Coinbase also stores fiat currencies in either custodial bank accounts or U.S. Treasuries in the United States. Outside of the U.S., these currencies are in segregated custodial bank accounts. As such, even if Coinbase as a business were to fail, the company and its creditors could not claim those funds, and Coinbase customers would get their funds back.
How Does Coinbase’s Regulation Improve Security?
Coinbase is regulated and complies with all the regulations and laws within every jurisdiction it operates in. It has a license for money transmissions in the majority of U.S. jurisdictions. Additionally, it is registered with FinCEN as a Money Services Business.
How Can You Protect Yourself When Using Coinbase?
To protect yourself when using Coinbase, make sure that you never share your password, login credentials, or two-factor authentication codes. Customer support or other Coinbase staff will never ask for this information. Additionally, make sure you contact Coinbase customer support via the real number or other contact information on its website. Fakes are increasing in number, so do not trust what you find on a search engine without further research.
In terms of your password, create a unique, complex password unlike those you use on other websites. You should also change the password every three months or so for added security. Don’t forget to take full advantage of Coinbase’s two-factor authentication, and consider adding it for sending money. Keep in mind that TOTP applications, such as Google Authenticator, are more secure than the SMS method for 2FA codes since a phone porting attack can compromise your phone number.
If you ever have doubts about your account security or potential hacks, view your IP activity in your security settings. This will show your verified devices and IP login activity.
For the ultimate protection of your cryptocurrencies, we recommend that you use a Hardware wallet such as a Ledger or a Trezor.
Conclusion
Overall, it is easy to say that Coinbase is a very safe platform.

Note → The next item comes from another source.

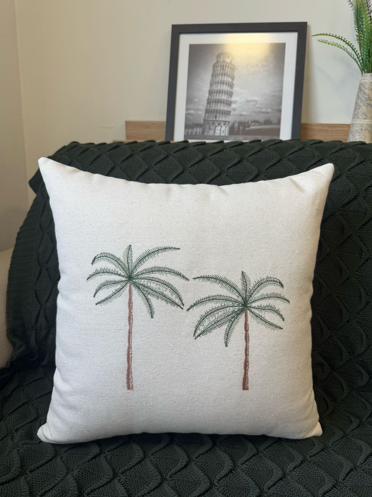 Almofada Linho Bordada Coqueiro Verde 45x45cm Com Enchimento
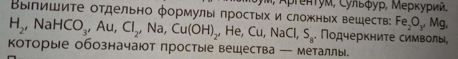 Mg, H2, Au, Cl2, Na, He, Cu, S8 металлы

Just keep in mind that you will do best if you do not actually store cryptocurrency on Coinbase, as this is not what it is designed for. As a crypto trader or investor, your best option will always be bringing your crypto onto platforms like Coinbase just for trading or selling and storing them in a safe hardware wallet.
During your trading activity, you can be sure that Coinbase is one of the safest and most secure exchanges available at the moment, they have never suffered a hack and are leading the industry in security measures.